Q6. Many Big Data products are written in Java. How are the C++ products surviving in this space?
Most of today’s Big Data tools starting from MR/Hadoop are written in Java. But more recently, components that are critical for performance are being re-written in C++. This is partly due to the increase in popularity of using languages like Python and R to develop high-level data analytics applications. Python applications use cython to integrate with the C++ libraries directly. C++ allows explicit memory management which helps optimize memory allocations and implement zero-copy in many layers of the stack. These optimizations significantly help in the scaling of the Python applications. In fact, C++ implementations are more popular than the Java implementations in newer projects such as Apache Arrow.
With the advancement of the C++ standard (improved support for smart pointers, synchronization, etc.) as well as adopting programming techniques such as RAII, the headaches (mainly freeing resources) associated with explicit memory management are things of the past. The use of idioms such as pImpl helps implement cleaner abstractions for the public API. Parallelism and concurrency are the only options to fully utilize the modern heterogeneous hardware.

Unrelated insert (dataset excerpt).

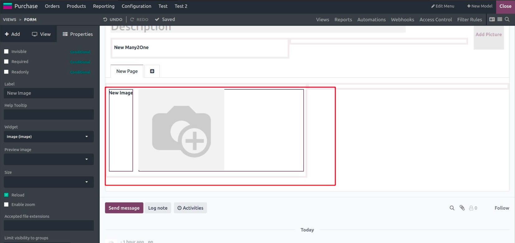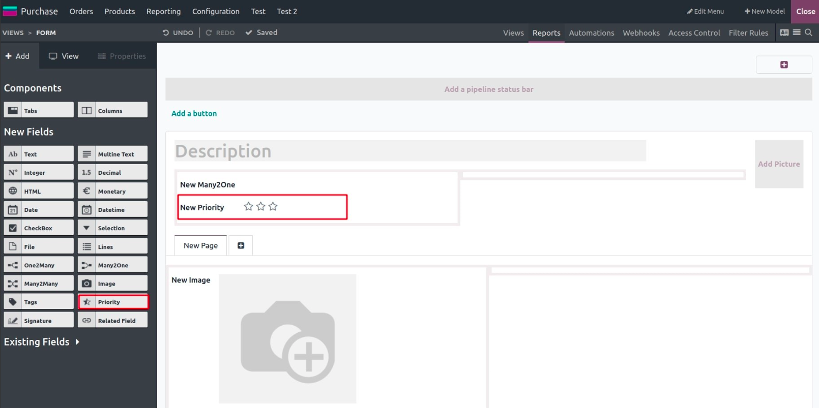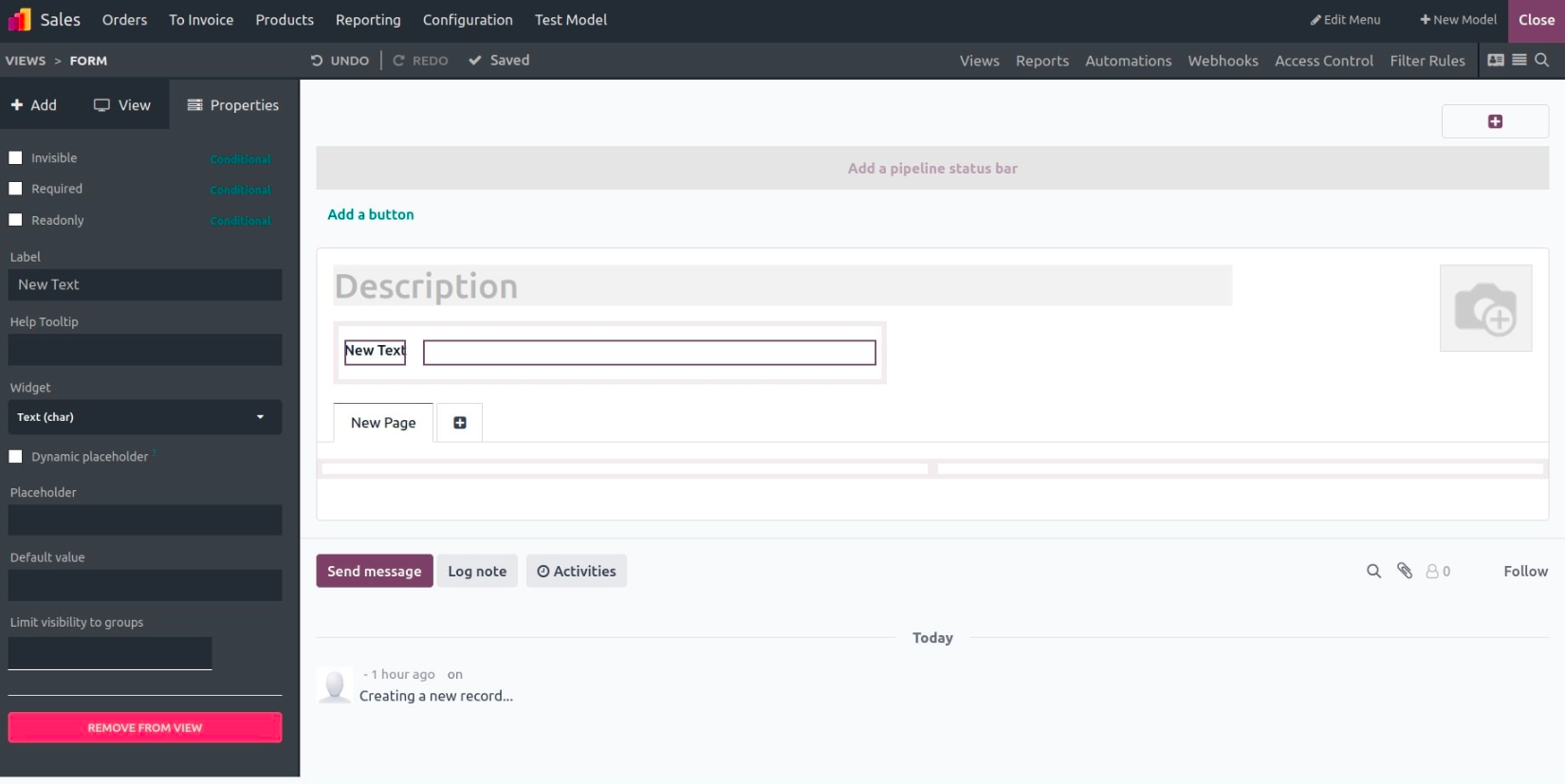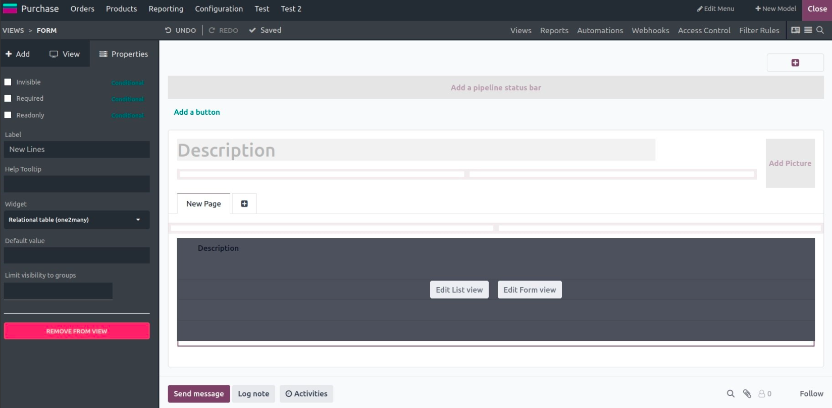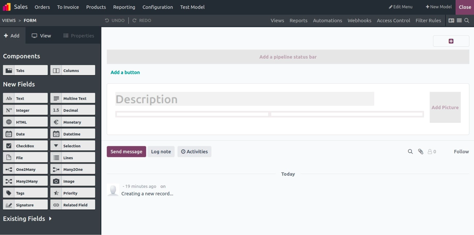 The form view displays one record at a time and is commonly used for data entry or editing. You can drag components and fields directly into the layout, rearrange them freely, and structure the form with tabs, pages, or groups.

The power of C++ lies in the ability to use explicit SIMD and other hardware intrinsics. C++ is closer to the operating systems and hardware. This gives C++ the ability to have control over many low-level system components such as multi-threading, low-level networking, which are all helpful for maximizing performance.
My main contributions to the Apache ORC and Apache Parquet projects are to the C++ implementations of these projects. As a member of these projects, I am also responsible for their future directions.
On the ORC side, I shepherded important contributions to the library including the C++ writer and Libhdfs++. I also made significant improvements to its build system. One of the improvements includes extending the external third-party library dependency management. This enabled the ORC library to integrate into a variety of build environments.
On the Parquet side, I was one of the early developers to start the C++ implementation (parquet-cpp). I designed and developed various core components of the library including statistics and metadata. I made significant improvements to the buffer management, which helped reduce memory allocations by 75%. Implementing the Parquet Specification in C++ was interesting and challenging since it enabled the optimization of explicit memory allocations, in-memory layout, and use of SIMD intrinsics.
These C++ implementations have been designed and developed to cater to real-world use cases and workloads. Products such a Vertica can now query and export these file formats in a scalable manner.
My other contributions to these projects include ensuring compatibility between the Java and C++ implementations of the ORC and parquet specification, since compatibility can break at various levels, including the use of native libraries in the code and other known issues.
Deepak Majeti is a systems software engineer at Vertica where he makes several important contributions to the Vertica SQL on Hadoop project. He is also a PMC member of Apache ORC Project and a committer for the Apache Parquet Project. Deepak’s interests lie in getting the best from HPC and big data and building scalable, high-performance, and energy-efficient data analytics tools for modern computer architectures. Deepak holds a Ph.D. in the high-performance computing (HPC) domain from Rice University.